By Catherine Snowdon
Source: www.opensecrets.org |
Charles Rangel's new legislation is expected to raise $8.5 billion over the next 10 years |
House Ways and Means Committee chairman Charles Rangel and Senate Finance Committee chairman Max Baucus have introduced legislation to give the Internal Revenue Service (IRS) greater ability to "detect, deter and discourage offshore tax abuses" involving US taxpayers with foreign assets.
The legislation features a number of proposals that are similar to individual offshore tax compliance provisions included in the Obama Administration's FY2010 budget.
The rules would require increased reporting on certain foreign bank accounts by imposing a 30% withholding tax on income from US financial assets held by a foreign financial institution, unless the bank agrees to disclose the identity of the US account holder as well as some additional information on account transactions.
Foreign corporations would be asked to provide withholding agents with information identifying any US individual that is a substantial owner of the corporation, that is, holding more than 10% of the stock by vote or value.
The Bill would exempt publicly held and certain other foreign corporations from these reporting requirements, and would grant the Treasury department regulatory authority to exclude other recipients.
Similar rules would apply to foreign trusts. A 30% withholding tax would apply for failure to comply with the proposed reporting requirements
Any individual or entity with foreign accounts or financial instruments worth more than $50,000 in aggregate would have to file an information return with the taxpayer's annual tax return.

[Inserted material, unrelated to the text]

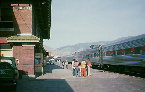 Amtrak Train arrived at Northern Pacific Butte Station (September 1974)

The changes would also impose a 40% penalty for underpayments attributable to undisclosed foreign financial assets.
An important proposal is the extension of the statute of limitations from three years to six years for certain underreporting of income in connection with foreign financial assets and failure to comply with new information return reporting requirements.
The limitation period would not begin to run until the taxpayer files an information return disclosing reportable foreign assets.
Despite these significant plans, the legislation gets a sigh of relief from advisers based in popular offshore locations.
"We are delighted by the proposals," said James Bergstrom, of law firm Ogier based in the Cayman Islands.
"They give the IRS focused administrative tools to deal with the tax cheats, but allows [low tax] jurisdictions that are responsible to stay in business."
In comparison to the controversial anti-tax haven bills introduced by Senator Carl Levin and Representative Lloyd Doggett, the changes outlined in the Foreign Account Tax Compliance Act are more specific, which pleases Bergstrom.
"The Levin proposal was very broad, discriminating legislation against offshore centres," he said.
The Act is estimated to raise $8.5 billion over 10 years, according to Joint Committee on Taxation analysis.
For now, taxpayers are widely accepting of the legislation.
"We knew something was coming and have already been preparing," said one taxpayer.
"This is a thoughtful piece of legislation," said Bergstrom. "The general view is that this has been dealt with, let's move on."